La Commission de Promotion des Vins et Crémants de Luxembourg du Fonds de solidarité viticole est chargée de la promotion des vins et Crémants luxembourgeois. Sa mission consiste à améliorer l’image de marque des vins et Crémants de Luxembourg et à promouvoir leur notoriété afin de faciliter leur positionnement au Luxembourg et sur le marché international.
‘Sou schmaacht Lëtzebuerg’ est un autre exemple d’une telle initiative. Cette campagne d’information et de sensibilisation de la Chambre d’Agriculture et du ministère de l’Agriculture vise à promouvoir la vente de produits locaux. Cette action est d’ailleurs étendue dans la gastronomie. Dorénavant les restaurants, mais également la restauration collective, pourront se dorer du logo ‘Sou schmaacht Lëtzebuerg’ s’ils s’engagent à cuisiner des produits indigènes dans leurs cuisines. Ceci vaut également pour les boissons telles que vins, Crémants, boissons non alcoolisées, thés, eaux-de-vie ou liqueurs. La liste des fournisseurs de produits ‘Sou schmaacht Lëtzbuerg’, des produits des labels Produit du terroir et de la Marque Nationale, mais également des produits des parcs naturels et bien d’autres spécialités de nos producteurs engagés, est mise à jour régulièrement dans le cadre de cette action.
D’autres actions sont menées dans le cadre de la production et de vente de produits agricoles et viticoles locaux par les groupes d’actions locales LEADER.
Une autre mesure visant à soutenir la promotion des produits viticoles est notamment des aides à l’investissement pour la construction de caves et de salons de vente.
Sans transition, où en sont les négociations avec le Parlement européen concernant la réforme de la PAC? Quelle est la position du Luxembourg?
La prise de décision sur la réforme de la PAC se fera selon les dispositions du Traité de Lisbonne, à savoir selon une procédure de codécision entre le Parlement européen et le Conseil sur base de propositions de la Commission. L’objectif de la Présidence irlandaise, appuyée par le Conseil et la Commission et en concertation avec le Parlement, est de parvenir à une prise de décision en première lecture au cours du premier semestre 2013.
Un certain nombre d’étapes ont été franchies à ce stade. Ainsi le Conseil européen des 7 et 8 février est parvenu à des conclusions sur le cadre financier pluriannuel (CFP) qui comporte notamment le budget consacré à la politique agricole commune.
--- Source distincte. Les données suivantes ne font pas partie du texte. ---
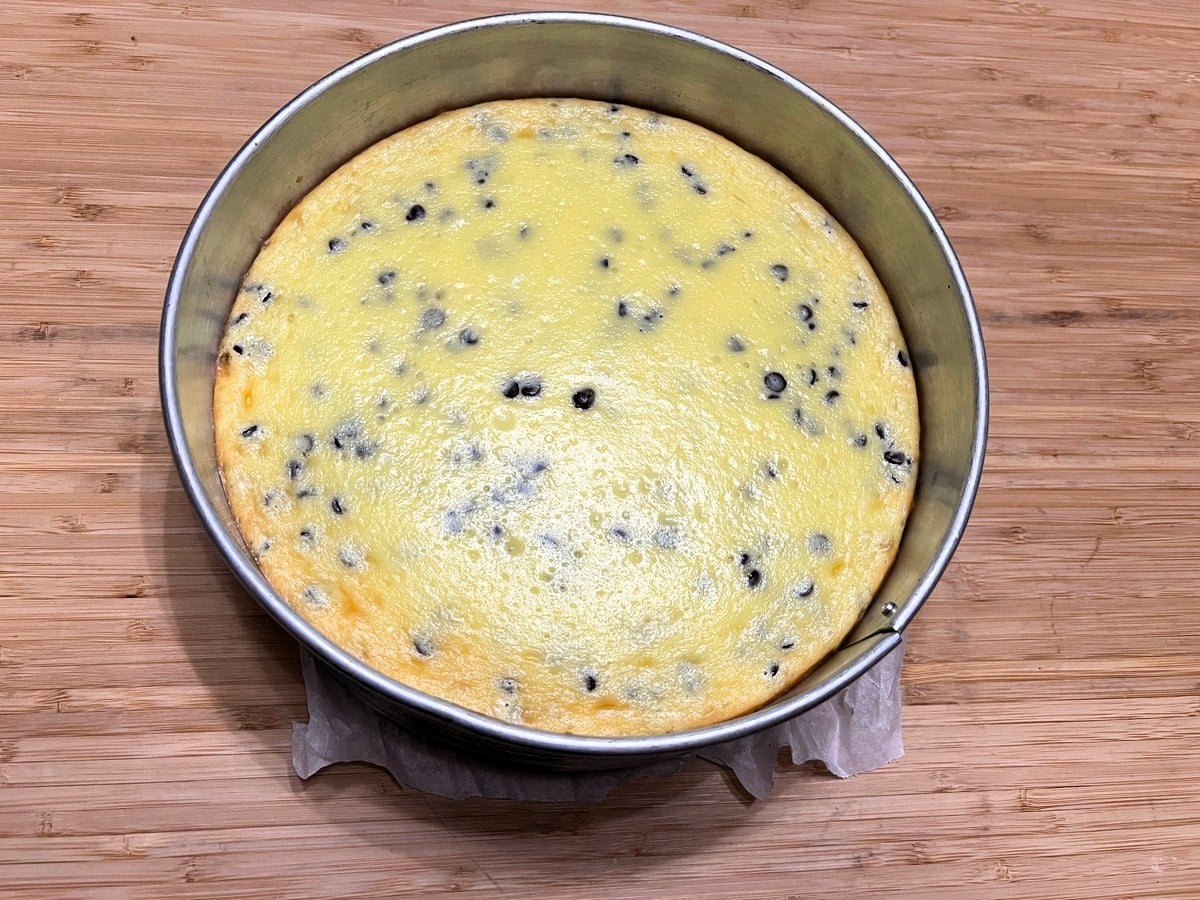 Pour the batter into prepared crust, carefully spreading the cream cheese mixture to the edges and leveling it with a rubber spatula. Try not to touch the edges of the pan, which will cause excess sticking when baked.

Le Parlement européen a, lors de sa session des 11 au 14 mars à Strasbourg, déterminé un mandat de négociation de cette institution concernant les quatre propositions de la Commission (paiements directs, OCM unique, développement rural et règlement horizontal). Le Conseil de son côté est parvenu à une orientation générale lors de sa session des 18 et 19 mars.
Sur ces bases, la procédure de trilogue a débuté le 11 avril. L’ambition des co-législateurs, Parlement et Conseil, ainsi que de la Commission, est de parvenir à une prise de décision selon le calendrier prévu, à savoir fin juin 2013.
Les quatre propositions de réforme de la PAC en cours de discussion sont le règlement établissant les règles relatives aux paiements directs en faveur des agriculteurs (règlement ‘paiements directs’) ; le règlement portant organisation commune des marchés des produits agricoles (règlement ‘OCM unique’); le règlement relatif au soutien au développement rural (règlement ‘développement rural’); et le règlement relatif au financement, à la gestion et au suivi de la politique agricole commune (règlement horizontal).